Semi-structured examples
JSON, XML, and HTML illustrate data that has some organizational properties but is not fully tabular.
Data sources
Internal sources (company databases, logs), External sources (APIs, open datasets), Generated data (simulations), Crowdsourced data (labeling).
Data lifecycle
An iterative, continuous process; version control for both data and models is crucial for reproducibility.
Data size terminology
Small data (
n and d
In a data table, n = number of samples (rows) and d = number of features (columns).
Curse of dimensionality
As dimensionality (d) increases, learning becomes harder and more data may be needed; distance metrics become less meaningful.

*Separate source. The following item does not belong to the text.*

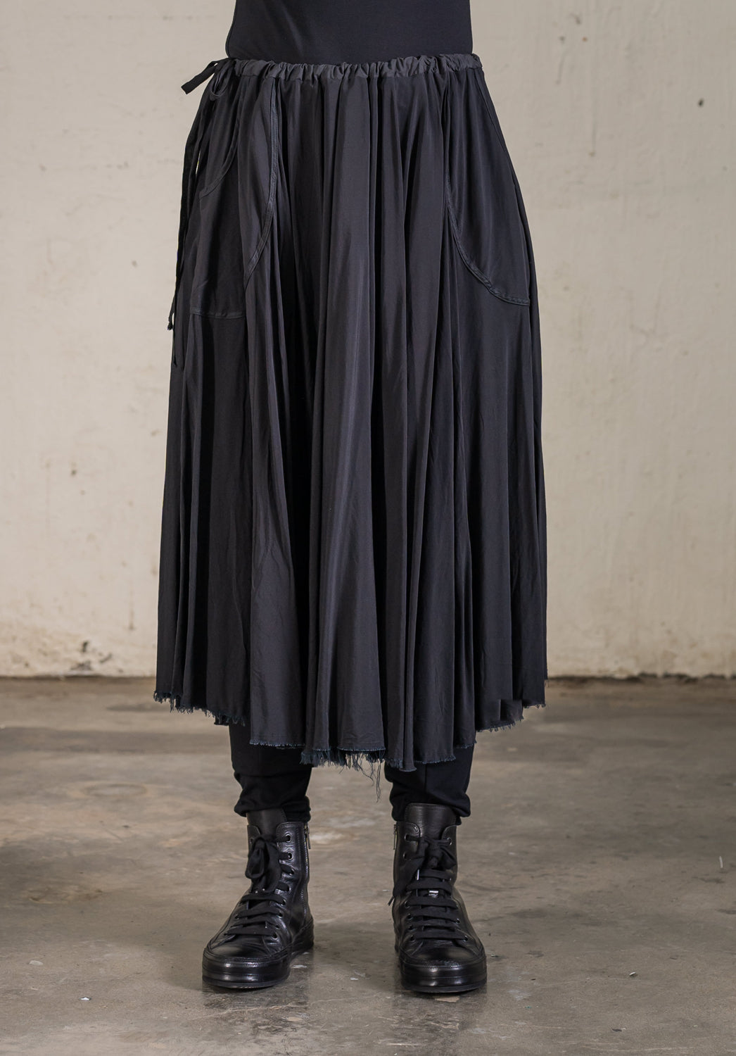 The Mist midi is a midi length full circle skirt with a drawcord in a casing waistband. You can get a perfect fit by tying the soft ribbon at the left side. There are two front pockets with cotton bound edges and the hem is single stitched with a raw edge for texture. This skirt has all of the fullness at the hem without excess bulk at the waist. The weight of the fabric gives the fade midi an amazing flow.

Exploratory Data Analysis (EDA)
Getting an overall sense of the dataset via summary statistics and visualizations before modeling.
Summary statistics
Metrics such as distinct values, max, min, mean, median, variance, and skewness.
Skewness
A measure of asymmetry in the distribution of a variable.
Outliers
Extreme values that may be errors or rare events; detectable via boxplots, Z-scores, and IQR.
Missing values
Absent data due to sensor failure or missing user input; represented as NaN/NULL/empty.
Missingness MCAR
Missing Completely At Random — no relation to any other variable.
Missingness MAR
Missing At Random — missingness related to observed variables.
Missingness MNAR
Missing Not At Random — missingness related to the value itself.

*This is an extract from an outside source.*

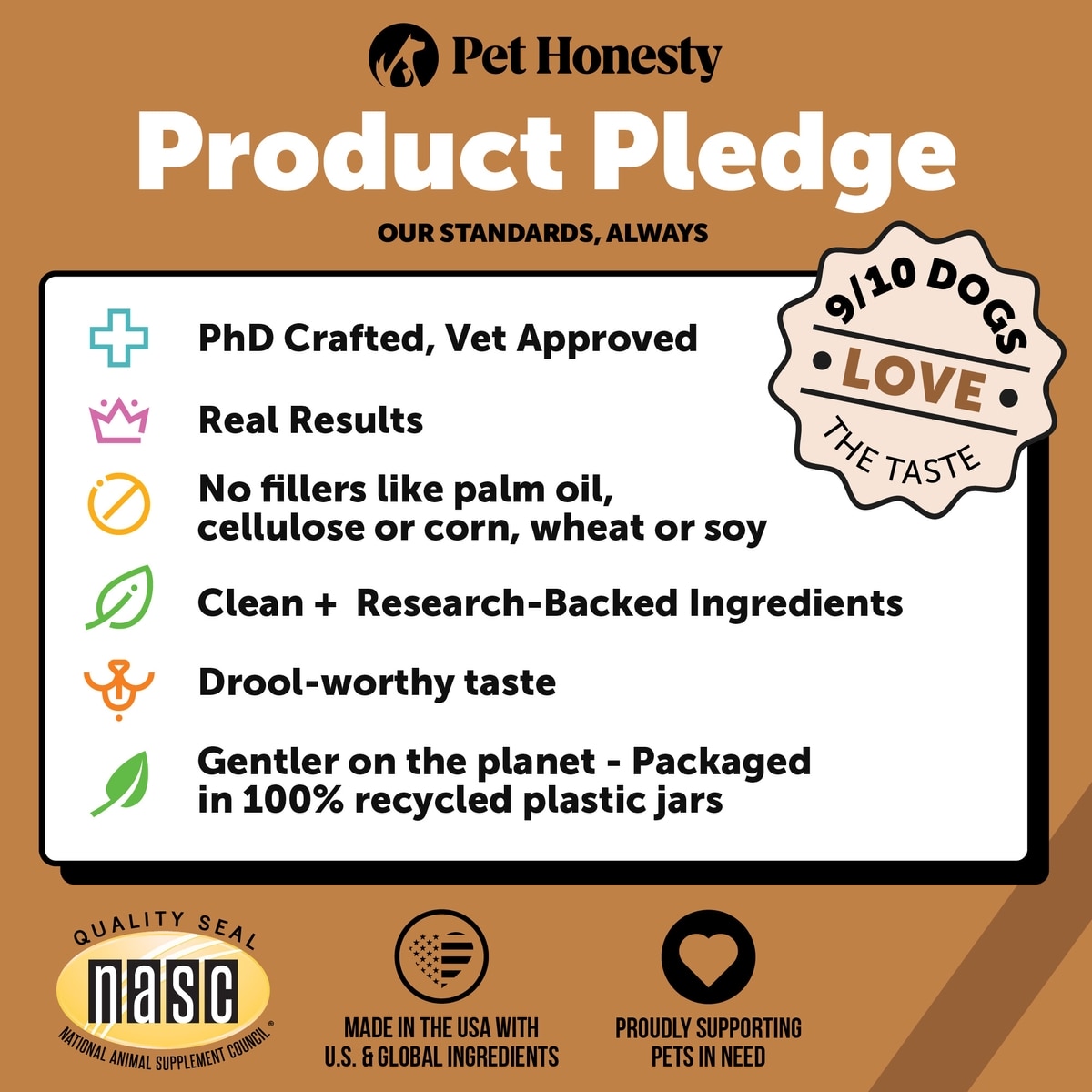 Thoughtfully Crafted With Care Pet Honesty supplements are formulated by their in-house PhD animal nutritionist. Built on their exclusive natural Pure Vitality Blend, they provide added digestive and immune benefits in every tasty chew.

Handling missing data: Deletion
Row deletion (drop the whole sample) or column deletion (drop the feature) when appropriate.
Imputation
Filling in missing values; simple (mean/median/mode) or advanced (KNN or model-based).
Indicator feature
Add a binary column indicating whether a value was imputed.
KNN imputation
Filling missing values using the values from the k nearest neighbors with known data.

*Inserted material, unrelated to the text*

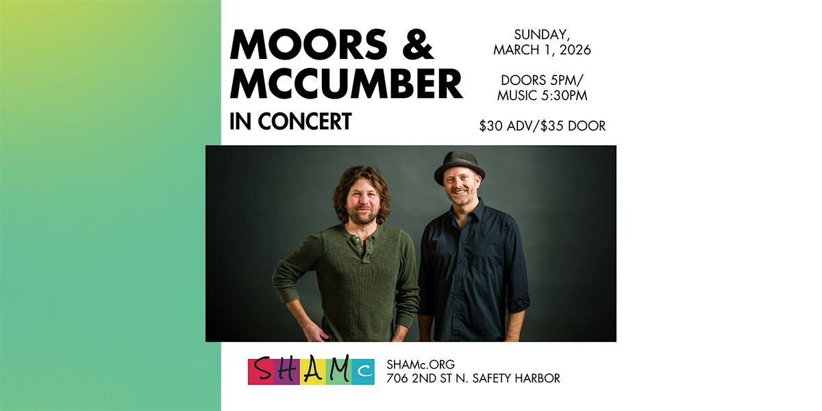 Come join us for an unforgettable evening of music with Moors and McCumber! This dynamic duo will be performing live at the Safety Harbor Art And Music Center. Get ready to be serenaded by their beautiful harmonies and incredible instrumental skills. Don't miss out on this opportunity to experience their talent up close and personal. Mark your calendars and get ready for a night to remember!

Outlier detection: Boxplots
Boxplots help visualize distribution and identify potential outliers.
Z-score
Standardized value (z = (x - μ)/σ); |z| > 3 often indicates an outlier.
IQR
Interquartile Range; outliers are values outside [Q1 - 1.5IQR, Q3 + 1.5IQR].
Feature scaling
Putting all features on similar scales; important for distance-based algorithms like k-NN, SVM, and neural networks.
Duplicates and consistency
Detect exact duplicates and near duplicates; ensure consistent formats across data.
Data validation
Automated checks for data integrity (range, type, referential integrity, business rules).
Referential integrity
Foreign keys must exist in the parent table (e.g., DepartmentID in Employees must exist in Departments).
Feature engineering
Creating new features from existing data (ratios, aggregations, polynomial features, date/time features, text features) to boost performance.
Text preprocessing
Tokenization, lowercasing, stop-word removal, stemming/lemmatization; vectorization (e.g., TF‑IDF).
Image preprocessing
Resizing, normalization, data augmentation (rotate, flip, crop), color space conversion.
Data splitting strategies
Random split (train/validation/test), stratified split for class balance, time-based split for time series, cross-validation.
Data ethics & privacy
Consent, GDPR/CCPA, handling PII, bias, anonymization; concerns like facial recognition bias and privacy.
Shuffling before split
Always shuffle data before creating train/validation/test partitions.